TASK PROMPT: Would you reproduce every record exactly, leaving out the pictures?

[INPUT Boundary: Start]

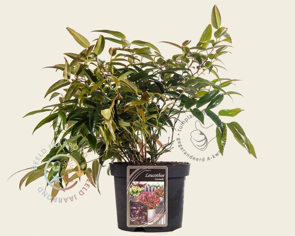 Druifheide is een ideale tuinplant voor gesloten vakbeplanting. Ook mooi als klein groepje in de border of in een pot op het terras en balkon. Leucothoe axillaris 'Carinella' is een groenblijvende tuinplant. Het blad verkleurt van groen naar donkerrood. Tijdens de bloei in mei-juni verschijnen witte, hangende bloemetjes, die mooi afsteken tegen het blad.
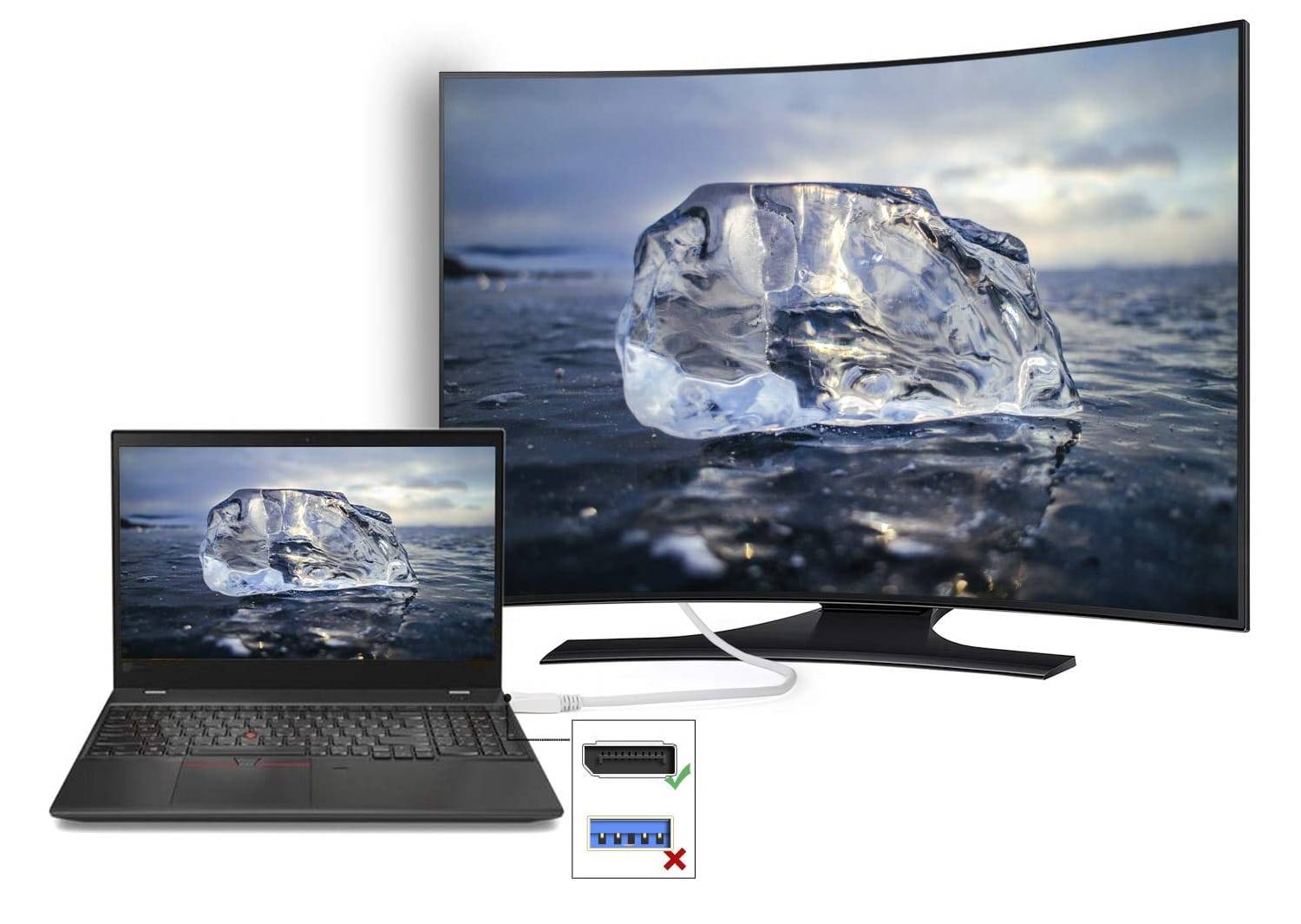Kabel złączem DisplayPort podłączamy się do komputera/laptopa, a złaczem HDMI do monitora/telewizora. NIE ODWROTNIE!.
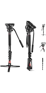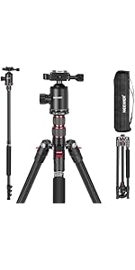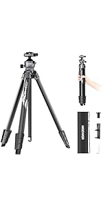 【Sturdy & Portable Tripod】 Made of aluminum alloy, this heavy duty video camera tripod stand securely mounts digital cameras (compatible with Canon Sony Nikon DSLR), camcorders, action cameras, projectors, binoculars, spotting scopes, telescopes, and cellphones up to 17.6lb/8kg. At just 3.9lb/1.75kg, it folds down to a compact size of 11.4"x2.95"x2.2" (290x75x55mm), with a built in handle and carrying bag lightweight for outdoor photography
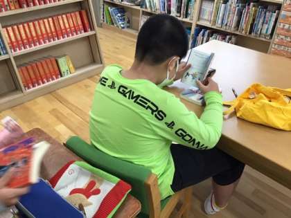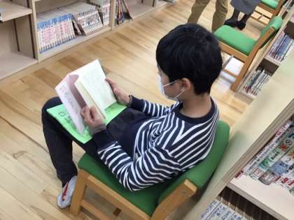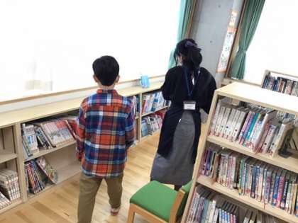 読書の時間です。司書の先生にいろいろ相談しています。
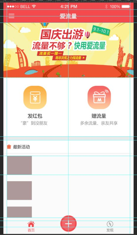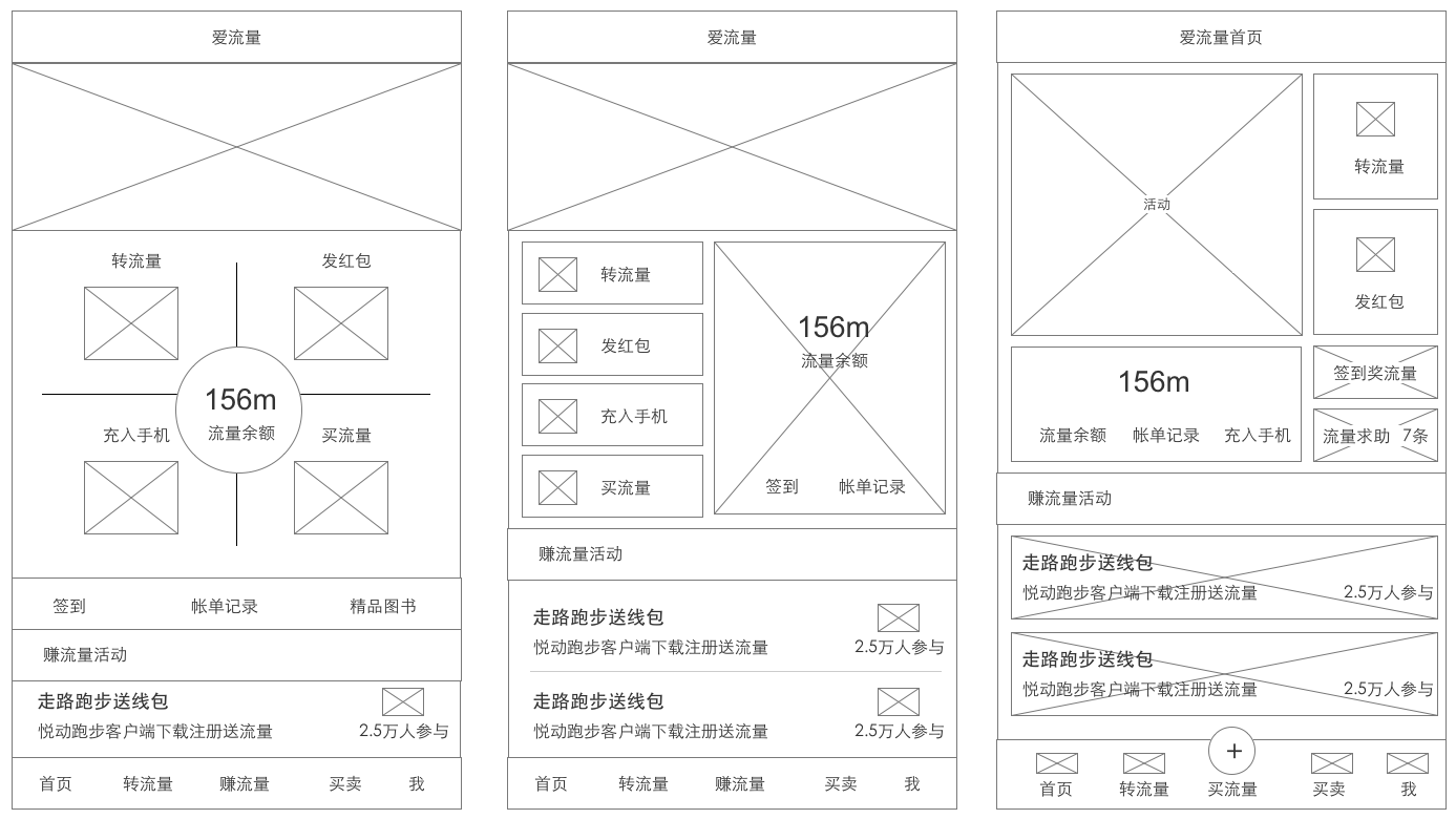 在前两版的基础上我们又加以思考、对功能的深入理解后,希望能契合产品定位并在布局和表现形式上与竞品区别,展现出爱流量的,并且经过内容的调整,增加用户的粘性,所以我们设计了第三版,首页重新布局,设计了三版交互原型。
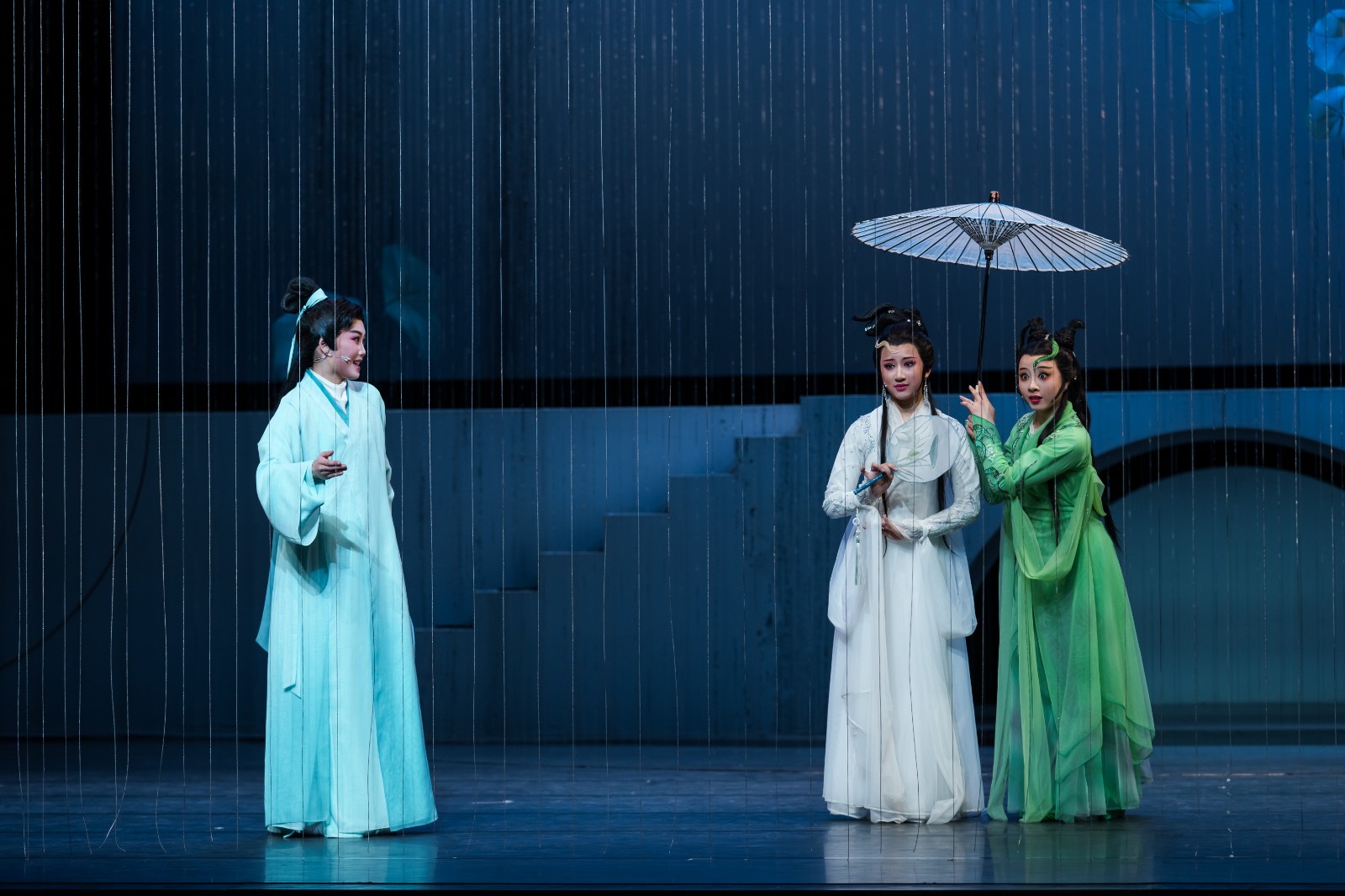 莲池生烟,如诗如画,一艘小舟从莲叶之间划过,鱼戏莲叶间,每一场景都好似古代画舫中精心挑选的画面。《断桥》在舞台设计方面花了不少心思,让经典迸发出艺术力量,用特别的灯光艺术给越剧渲染上一层独特的国风美学。在白素贞水漫金山救出困在山上的许仙时,戏曲水袖击打山石海浪的虚拟性与扑面而来的惊涛骇浪的真实感交融,加上突破传统的扩声技术,用最感性的方式传达表象背后的意义,用创新的技术手段传递戏曲背后的意蕴,使观众身临其境。通过白素贞水袖的拍打,翻滚的浪花层层叠叠席卷而起,仿佛置身于海浪中,宏伟壮观的同时增添了几分东方神韵。采用将水浪具体化,闪烁的灯光与白素珍的打斗动作相结合,以柔克刚,最后在瀑布般降下的洪啸中被压在水下,白素贞的爱恨嗔痴被这冰冷的湖水所吞没和冲刷,走向寂静,趋于无声。这一画面生动形象地展现出戏曲表演的美感与特性,又展现出古典与现代技术相融合的魅力。
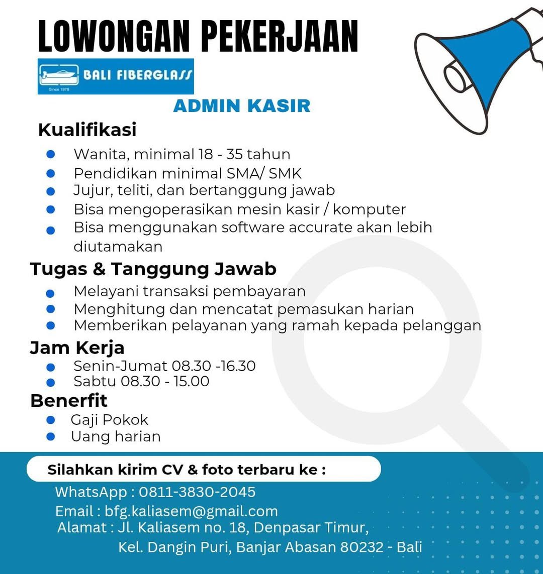 BALI FIBERGLASS membuka kesempatan kerja untuk posisi Admin Kasir dan Helper. Kandidat diutamakan jujur, teliti, bertanggung jawab, mampu bekerja dalam tim, serta siap mengikuti jam kerja operasional. Tersedia gaji pokok dan uang harian. Kirimkan CV & foto terbaru melalui WhatsApp 0811-3830-2045 atau email ke bfg.kaliasem@gmail.com. Lokasi kerja: Jl. Kaliasem No.18, Denpasar Timur, Bali.

[INPUT Boundary: End]

TASK SOLUTION:
 Druifheide is een ideale tuinplant voor gesloten vakbeplanting. Ook mooi als klein groepje in de border of in een pot op het terras en balkon. Leucothoe axillaris 'Carinella' is een groenblijvende tuinplant. Het blad verkleurt van groen naar donkerrood. Tijdens de bloei in mei-juni verschijnen witte, hangende bloemetjes, die mooi afsteken tegen het blad.
Kabel złączem DisplayPort podłączamy się do komputera/laptopa, a złaczem HDMI do monitora/telewizora. NIE ODWROTNIE!.
 【Sturdy & Portable Tripod】 Made of aluminum alloy, this heavy duty video camera tripod stand securely mounts digital cameras (compatible with Canon Sony Nikon DSLR), camcorders, action cameras, projectors, binoculars, spotting scopes, telescopes, and cellphones up to 17.6lb/8kg. At just 3.9lb/1.75kg, it folds down to a compact size of 11.4"x2.95"x2.2" (290x75x55mm), with a built in handle and carrying bag lightweight for outdoor photography
 読書の時間です。司書の先生にいろいろ相談しています。
 在前两版的基础上我们又加以思考、对功能的深入理解后,希望能契合产品定位并在布局和表现形式上与竞品区别,展现出爱流量的,并且经过内容的调整,增加用户的粘性,所以我们设计了第三版,首页重新布局,设计了三版交互原型。
 莲池生烟,如诗如画,一艘小舟从莲叶之间划过,鱼戏莲叶间,每一场景都好似古代画舫中精心挑选的画面。《断桥》在舞台设计方面花了不少心思,让经典迸发出艺术力量,用特别的灯光艺术给越剧渲染上一层独特的国风美学。在白素贞水漫金山救出困在山上的许仙时,戏曲水袖击打山石海浪的虚拟性与扑面而来的惊涛骇浪的真实感交融,加上突破传统的扩声技术,用最感性的方式传达表象背后的意义,用创新的技术手段传递戏曲背后的意蕴,使观众身临其境。通过白素贞水袖的拍打,翻滚的浪花层层叠叠席卷而起,仿佛置身于海浪中,宏伟壮观的同时增添了几分东方神韵。采用将水浪具体化,闪烁的灯光与白素珍的打斗动作相结合,以柔克刚,最后在瀑布般降下的洪啸中被压在水下,白素贞的爱恨嗔痴被这冰冷的湖水所吞没和冲刷,走向寂静,趋于无声。这一画面生动形象地展现出戏曲表演的美感与特性,又展现出古典与现代技术相融合的魅力。
 BALI FIBERGLASS membuka kesempatan kerja untuk posisi Admin Kasir dan Helper. Kandidat diutamakan jujur, teliti, bertanggung jawab, mampu bekerja dalam tim, serta siap mengikuti jam kerja operasional. Tersedia gaji pokok dan uang harian. Kirimkan CV & foto terbaru melalui WhatsApp 0811-3830-2045 atau email ke bfg.kaliasem@gmail.com. Lokasi kerja: Jl. Kaliasem No.18, Denpasar Timur, Bali.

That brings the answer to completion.